Nothing but the lines from the start of the data through the line with "আজি নৱনিযুক্তসকলক সম্বোধন" should appear in the answer, each retyped exactly, and pictures should not.

==*==

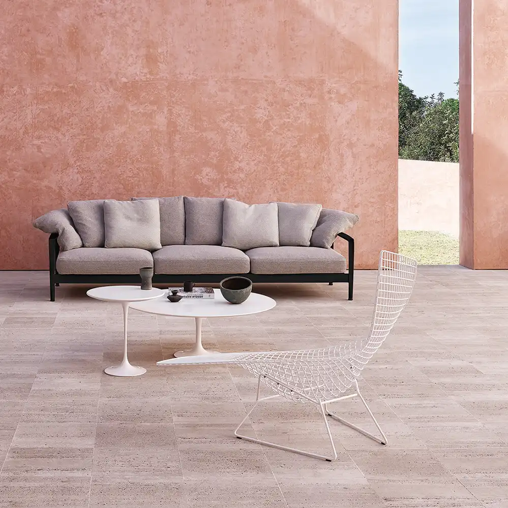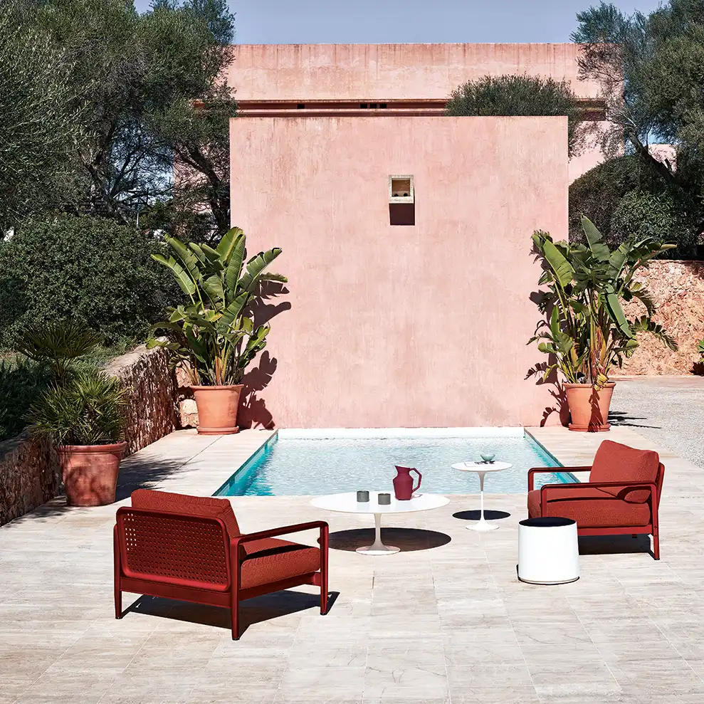 Als Bestandteil der Knoll Gartenkollektion ist der Saarinen Beistelltisch als Outdoor-Variante erhältlich. Der Tisch mit einer 51 cm großen, wettertauglichen Acrylsteinplatte ist dabei in den zwei Höhen 36 cm und 51 cm bei Knoll Internatioanl lieferbar.
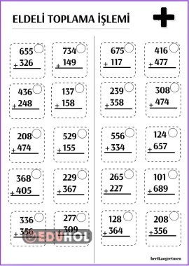 ELDELİ TOPLAMA İŞLEMİ ÇALIŞMA KAĞIDI
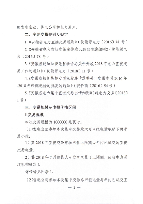 安徽電力交易中心日前發(fā)布了《關(guān)于開展安徽省2018年7月份電力集中直接交易的市場公告》,擬于2018年6月25日-6月27日組織開展安徽省2018年7月份電力集中直接交易。
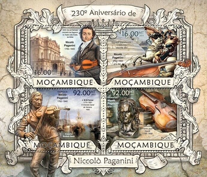 2013 MOZAMBIQUE MNH. NICCOLO PAGANINI | Yvert&Tellier Code: 5287-5290 | Michel Code: 6394-6397 | Scott Code: 2783Seller Information
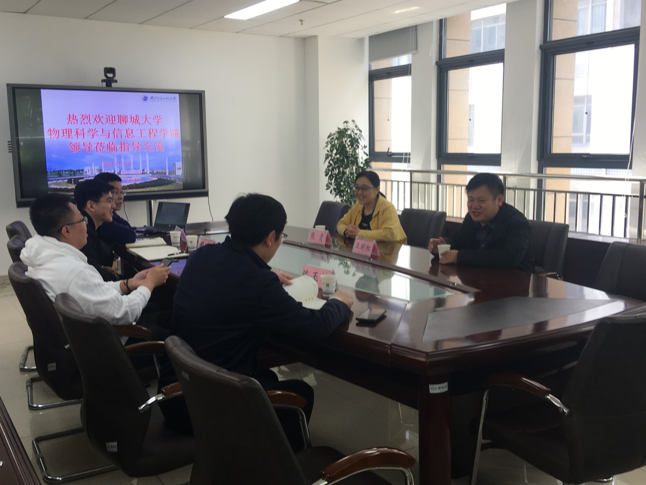 刘博院长首先对聊城大学物理科学与信息工程学院张霞、王明红两位副院长的到来表示了热烈欢迎,简要介绍了学院专业设置、学科发展、师资队伍建设等的总体情况。张霞副院长重点介绍了聊城大学物理科学与信息工程学院的发展概况,希望今后能够进一步加强双方的合作与交流。
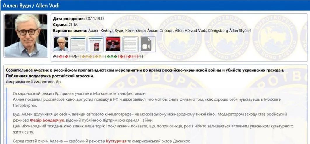 Woody Allen amerikai filmrendező és színész felkerült az „Ukrajna ellenségeit” listázó Mirotvorec adatbázisába, amit a köznyelvben gyakran csak "ukrán halállistaként" emlegetnek - írja a The Times brit hetilap online kiadása.
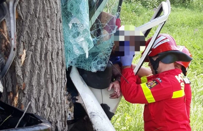 FOTO Accident groaznic în Oneşti. Un şofer a murit după ce a intrat cu maşina în copac
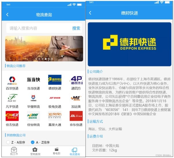 1.点击底部导航栏“物流查询”,进入物流查询页面,页面包括搜索输入框、广告轮播图、物流公司推荐、下方显示物流公司列表,列表项显示物流公司名称和缩略图。
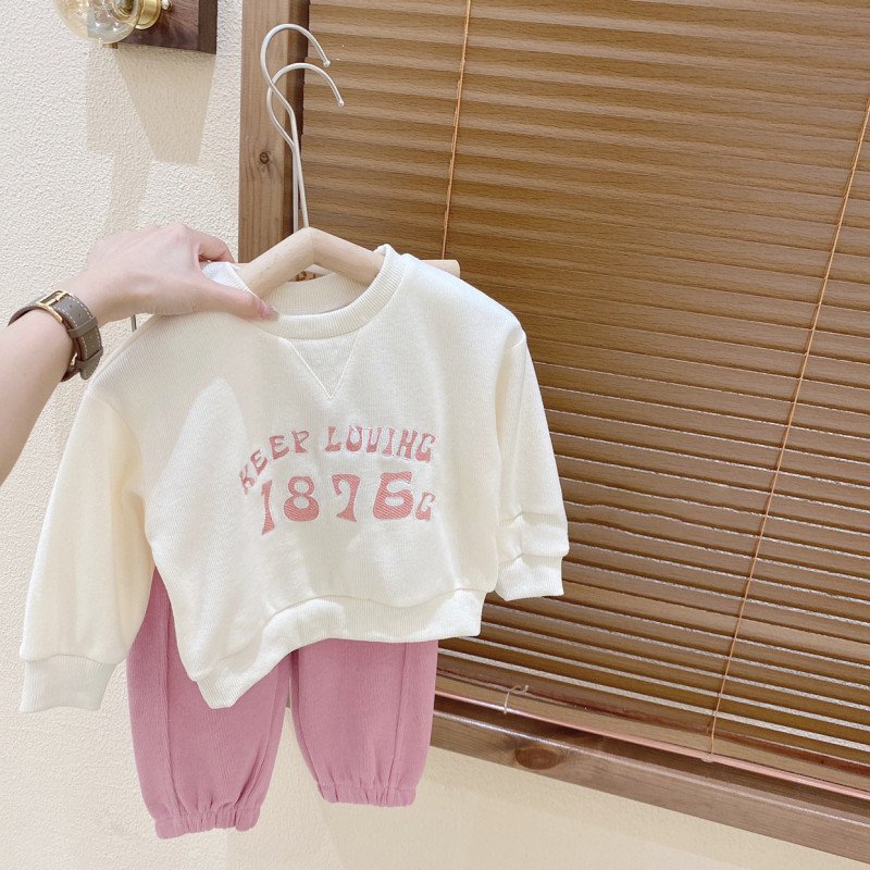 Children Kids Baby Fashion Girls Long Sleeve Letter Print Top And Pink Pants 2pcs Set
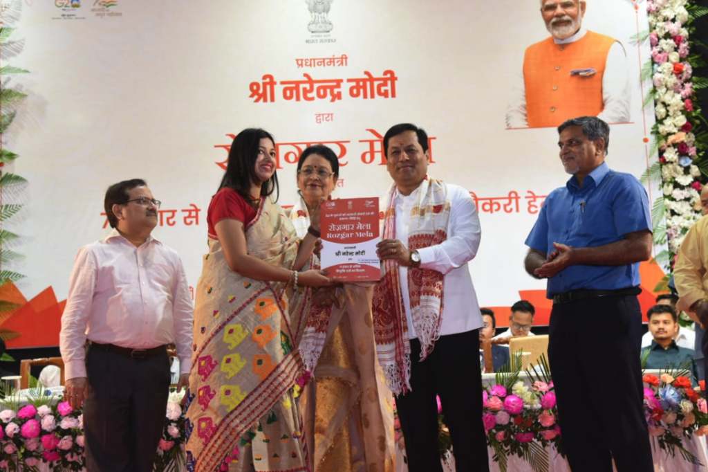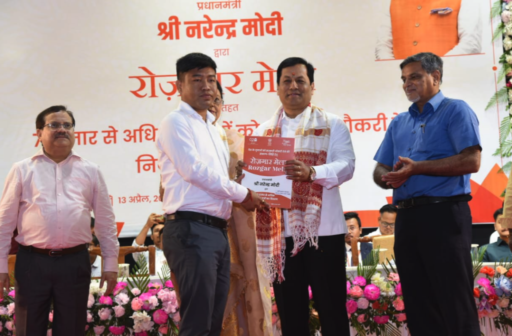আজি নৱনিযুক্তসকলক সম্বোধন কৰি প্ৰধানমন্ত্ৰীয়ে মন্তব্য কৰে যে ২০৪৭ চনৰ ভিতৰত ভাৰত আত্মনিৰ্ভৰ হোৱাৰ লক্ষ্যৰে আগবাঢ়ি যোৱাৰ সময়ত দেশৰ উন্নয়নত অৰিহণা যোগোৱাৰ এয়া এক সুবর্ণ সুযোগ। এই সুযোগৰ সদ্ব্যৱহাৰ কৰি নিষ্ঠাৰে নিজৰ দায়িত্ব পালন কৰিবলৈ তেওঁলোকক সোণোৱালে আহ্বান জনায়৷ গুৱাহাটীৰ অনুষ্ঠানত ভাষণ প্ৰদান কৰি কেন্দ্ৰীয় মন্ত্ৰী সৰ্বানন্দ সোণোৱালে কয়, “আজি এক ঐতিহাসিক মুহূর্ত, কিয়নো আমি প্রধানমন্ত্ৰী শ্ৰী নৰেন্দ্ৰ মোদী ডাঙৰীয়াৰ গতিশীল নেতৃত্বত ৰাষ্ট্ৰ নিৰ্মাণৰ দিশত আমাৰ যুৱপ্ৰজন্মক শক্তিশালী কৰাৰ বাবে আৰু এখোজ আগবাঢ়িছোঁ।
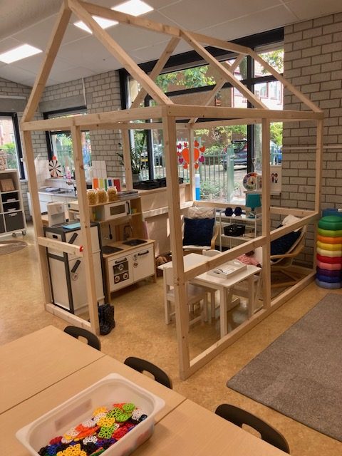 Een instroomgroep opstarten vraagt tijd en organisatie. Mijn belangrijkste tip: begin met een duidelijke to-do-lijst. Bepaal welke taken echt nú moeten en welke kunnen wachten. En kijk vooral welke taken je kunt verdelen over collega’s, je hoeft het niet alleen te doen. Zelf schakelde ik naast collega’s mijn eigen netwerk in. Ik wilde graag een houten huisje in de groep als huishoek… en laat ik toevallig een timmerman als broer hebben!
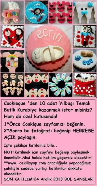 kızlar merhaba ben de kampanyalara başlıycam artık ilk çekiliş duyurumu yapayım.Yılbaşında iyi gider.Bayılıyorum bu butik kurabiyecilere ..Yetenek olsa yapardım.
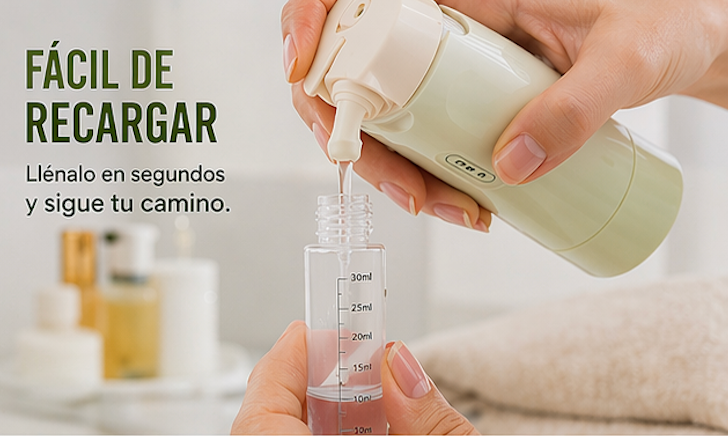 Respuesta 2: Sirve para llevar varios líquidos de uso personal (como shampoo, gel o crema) en un solo recipiente, facilitando el transporte durante viajes.

==*==

* Result below *
 Als Bestandteil der Knoll Gartenkollektion ist der Saarinen Beistelltisch als Outdoor-Variante erhältlich. Der Tisch mit einer 51 cm großen, wettertauglichen Acrylsteinplatte ist dabei in den zwei Höhen 36 cm und 51 cm bei Knoll Internatioanl lieferbar.
 ELDELİ TOPLAMA İŞLEMİ ÇALIŞMA KAĞIDI
 安徽電力交易中心日前發(fā)布了《關(guān)于開展安徽省2018年7月份電力集中直接交易的市場公告》,擬于2018年6月25日-6月27日組織開展安徽省2018年7月份電力集中直接交易。
 2013 MOZAMBIQUE MNH. NICCOLO PAGANINI | Yvert&Tellier Code: 5287-5290 | Michel Code: 6394-6397 | Scott Code: 2783Seller Information
 刘博院长首先对聊城大学物理科学与信息工程学院张霞、王明红两位副院长的到来表示了热烈欢迎,简要介绍了学院专业设置、学科发展、师资队伍建设等的总体情况。张霞副院长重点介绍了聊城大学物理科学与信息工程学院的发展概况,希望今后能够进一步加强双方的合作与交流。
 Woody Allen amerikai filmrendező és színész felkerült az „Ukrajna ellenségeit” listázó Mirotvorec adatbázisába, amit a köznyelvben gyakran csak "ukrán halállistaként" emlegetnek - írja a The Times brit hetilap online kiadása.
 FOTO Accident groaznic în Oneşti. Un şofer a murit după ce a intrat cu maşina în copac
 1.点击底部导航栏“物流查询”,进入物流查询页面,页面包括搜索输入框、广告轮播图、物流公司推荐、下方显示物流公司列表,列表项显示物流公司名称和缩略图。
 Children Kids Baby Fashion Girls Long Sleeve Letter Print Top And Pink Pants 2pcs Set
আজি নৱনিযুক্তসকলক সম্বোধন কৰি প্ৰধানমন্ত্ৰীয়ে মন্তব্য কৰে যে ২০৪৭ চনৰ ভিতৰত ভাৰত আত্মনিৰ্ভৰ হোৱাৰ লক্ষ্যৰে আগবাঢ়ি যোৱাৰ সময়ত দেশৰ উন্নয়নত অৰিহণা যোগোৱাৰ এয়া এক সুবর্ণ সুযোগ। এই সুযোগৰ সদ্ব্যৱহাৰ কৰি নিষ্ঠাৰে নিজৰ দায়িত্ব পালন কৰিবলৈ তেওঁলোকক সোণোৱালে আহ্বান জনায়৷ গুৱাহাটীৰ অনুষ্ঠানত ভাষণ প্ৰদান কৰি কেন্দ্ৰীয় মন্ত্ৰী সৰ্বানন্দ সোণোৱালে কয়, “আজি এক ঐতিহাসিক মুহূর্ত, কিয়নো আমি প্রধানমন্ত্ৰী শ্ৰী নৰেন্দ্ৰ মোদী ডাঙৰীয়াৰ গতিশীল নেতৃত্বত ৰাষ্ট্ৰ নিৰ্মাণৰ দিশত আমাৰ যুৱপ্ৰজন্মক শক্তিশালী কৰাৰ বাবে আৰু এখোজ আগবাঢ়িছোঁ।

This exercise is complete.